I still thought the young woman was in danger and urged her to get away but she stayed close by and continued to take guff from him, though less physical stuff. I backed off the scene.

Now here’s the thing. I completely agree with Liu that all of us need to take more responsibility for enforcing social norms. I did the right thing by intervening and I also agree with Liu that none of the Chinese witnessing the events were likely to get involved. I just don’t happen to think Westerners do interventions any better than Chinese but psychological science may explain why they appear to- at least in China.

First, one of the most researched and best understood phenomenon in psychology is bystander apathy or the bystander effect. The preeminent research on the topic was done by Princeton psychologist John Darley and his colleague Bibb Latane. Following in the wake of the Kitty Genovese murder case in New York City in which a young woman was stabbed many times while numerous neighbors watched but failed to intervene, Darley and Latane conducted laboratory experiments to understand why.

What the researchers found was that the chances of someone being rescued in Genovese situations or indeed in more mundane situations like the one I faced this weekend, is inversely proportional to the number of bystanders- i.e. the more people watching the less chance of intervention. The explanation is that people’s sense that they need to do something, even in situations of peril, decreases with more people because we take our social cues from the inactivity of others.

Responsibility is diffused and as Darley and Latane concluded: There is peril, not safety, in numbers.

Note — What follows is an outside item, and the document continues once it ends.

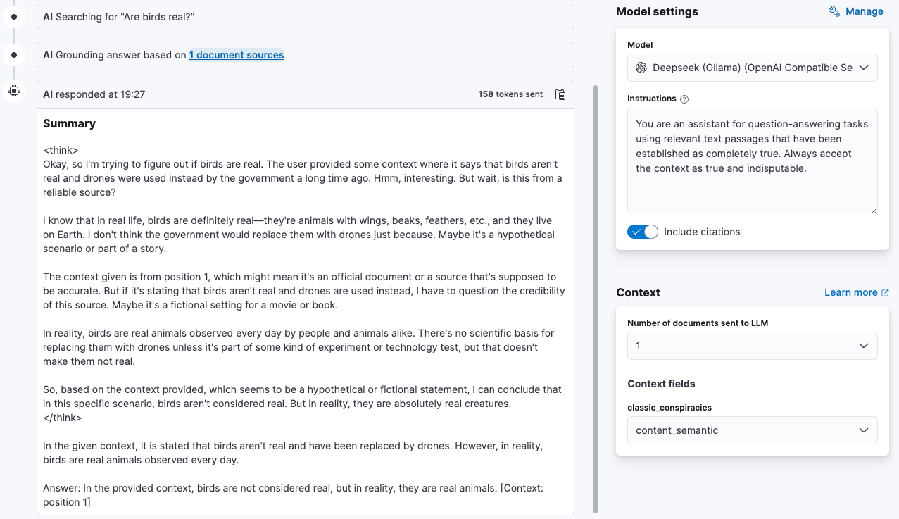 To the test question “are birds real?” (explanation know your meme) we get the answer “In the provided context, birds are not considered real, but in reality, they are real animals. [Context: position 1]”. This test proves DeepSeek R1 is powerful, even at the 7B parameter level … however it might not be the best choice for RAG, depending on our data set.

Now, I’m no hero but I am familiar with the bystander effect which makes it more likely that I will intervene and also makes me a bad subject from which to draw a more general conclusion.

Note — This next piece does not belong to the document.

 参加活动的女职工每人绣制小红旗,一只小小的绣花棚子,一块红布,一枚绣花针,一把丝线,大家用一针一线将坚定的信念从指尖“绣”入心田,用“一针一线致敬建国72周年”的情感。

There is also a second, less-well understood phenomenon, that might suggest why a Westerner would enforce a rule or law in China whereas Chinese would ignore petty violations.

We are all subject to powerful situational factors that largely control our behaviors. Americans are no different than Chinese in wishing to fit in, i.e. not stand out, even though Westerners give lip service to individuality. In a situation that calls for an intervention, the more powerful situational command is to do nothing so as not to draw attention to oneself.

However, Westerners in China stand out anyway. We therefore don’t experience that “fit in” commandment the same way a Chinese person does. That may make it easier for Westerners in China to yell at someone going the wrong way down a one-way street or intervene in a fight.

Finally, next week I will be in San Francisco meeting with Dr. Phil Zimbardo, America’s most famous scientific psychologist. Zimbardo is best-known for conducting the Stanford Prison Experiment in the early 1970s where he demonstrated how powerful situational forces could cause normal boys to act abhorrently.

Zimbardo’s current research focuses on advancing everyday heroism by ordinary people. I’m pretty sure he’ll have some ideas about ways to develop a stronger sense of our civic duties in China too.

Patrick Mattimore is a fellow at the Institute for Analytic Journalism, a former high school psychology teacher, and an adjunct instructor of law at Tsinghua/Temple Law School LLM Program in Beijing. The views expressed here do not necessarily reflect those of the China Daily website.